Шрифт:
Закладка:
Как указывает Штомпка (ibid.), целеориентированное (instrumental) доверие, основанное на ожиданиях, менее уязвимо, чем тот вид доверия, который основан на продиктованных моральными соображениями перформансах других. Последний вид доверия, с его точки зрения, зависит от ожиданий, что другие ведут себя честно, принципиально следуют правилам и будут делать то, что является правильным или приемлемым в моральном смысле. Это более рискованно: «категория моральных агентов определенно является более узкой, чем категория рациональных агентов» (ibid.). Еще более уязвимыми мы оказываемся в ситуации, когда наше доверие основывается на ожидании, что люди не будут вести себя эгоистично и не будут ставить на первое место свои интересы, что они будут действовать, подразумевая благополучие других, или что люди великодушны и благонамеренны (ibid.: 54). Очевидно, что в крайне разнообразных и постоянно меняющихся городских пространствах в условиях глобализации доверие оказывается более значительной проблемой, нежели оно было (а в некоторых местах и остается) в более жестко регулируемых, менее гибких социальных окружениях, в особенности в тех из них, где мораль основана на традиционных ценностях, зачастую содержащихся в религиозных верованиях. Например, Иба Буакар (Bou Akar 2012: 150–152) описывает, каким образом религиозно-политические организации в Бейруте вносят свою лепту в реляционные контексты, которые больше не являются открытыми, прозрачными местами, где люди контактируют друг с другом. В представлениях о «самоочевидной» морали имплицитно присутствуют властные отношения. Приведенного примера в данном случае достаточно, но позже я вернусь к власти.
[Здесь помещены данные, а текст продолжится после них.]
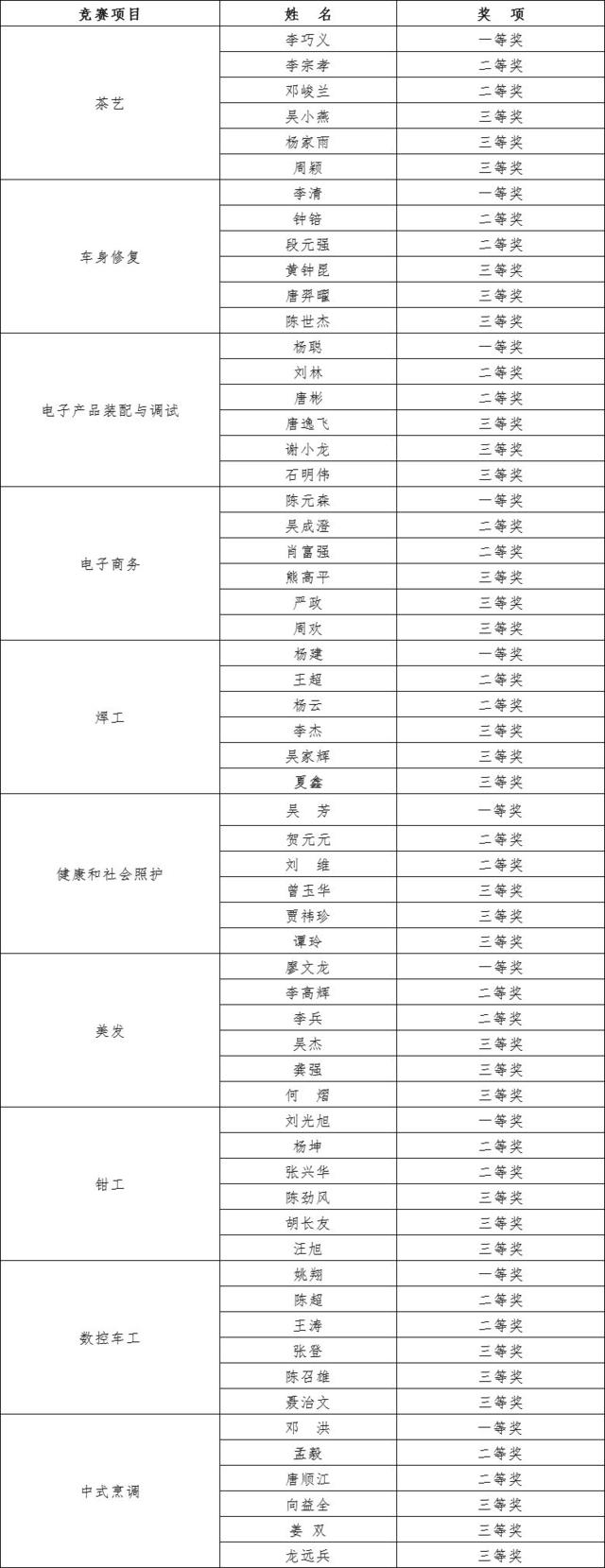 170名选手在公平、公开、公正的氛围中,沉着应战、激烈争夺,最终决出胜负。李巧义获得茶艺项目一等奖,李清获得车身修复项目一等奖,杨聪获得电子产品装配与调试项目一等奖,陈元森获得电子商务项目一等奖,杨建获得焊工项目一等奖,吴芳获得健康和社会照护项目一等奖,廖文龙获得美发项目一等奖,刘光旭获得钳工项目一等奖,姚翔获得数控车工项目一等奖,邓洪中式烹调项目一等奖。据悉,获奖部分优秀选手将代表我市参加2019年四川省工匠杯职业技能大赛和全省第七届农民工技能大赛。

Маленький рыцарь по имени Тренк, главный герой немецкой детской книги Кирстин Бойе (Boie 2006), был мальчиком, родившимся в семье бедного крестьянина, который влачил существование безземельного работника в одном поместье. Когда хозяин жестоко побил отца Тренка (такова «ситуационная нормальность», которую морально отвергает мальчик), он убежал из дома со своим лучшим другом – поросенком, которого его семья держала как домашнего любимца. Тренк намерен направиться в город, где он надеется освободиться от крепостного права. На пути он встречает одного рыцаря и его сына – своего ровесника, которому еще нужно стать рыцарем, но ему не хватает для этого силы и храбрости. Мальчики меняются местами, и Тренк становится рыцарем, осознанно приспосабливаясь к моральным требованиям чести и суровости, которые предполагает этот статус. Эта история потрясает наше стандартное представление о нравах и формах поведения в средневековой Европе. Она выступает прекрасной иллюстрацией того, как общество, для которого присуще огромное неравенство в распределении власти, оправдывало ситуационную нормальность, апеллируя к сакральному пониманию существующих иерархий, которые, как считалось, вечны и не могут быть изменены иначе, нежели тем завуалированным способом, к которому прибегает Тренк. Однако в Европе торговый капитализм, индустриализация и различные культурные процессы, такие как секуляризация и Просвещение, выступавшие стимулами для городских центров, где они исходно имели место, как правило, порождали такое понимание мира, в рамках которого прежняя моральная нормальность больше не является устойчивой и заданной раз и навсегда. Это обусловливало социальную мобильность и порождало классовое общество вместо [феодального], основанного на закрепленном статусе. Кроме того, эта ситуация создавала социальную жизнь, в рамках которой ситуационная и моральная нормальность все больше расходились между собой, поэтому их регулярно приходилось пересматривать. Описанные Ассадом Баятом (Bayat 2010) практики иранских женщин, которые отгораживают для себя повседневные пространства, незаметно врезающиеся в господствующую систему, по сути, аналогичны истории маленького рыцаря Тренка.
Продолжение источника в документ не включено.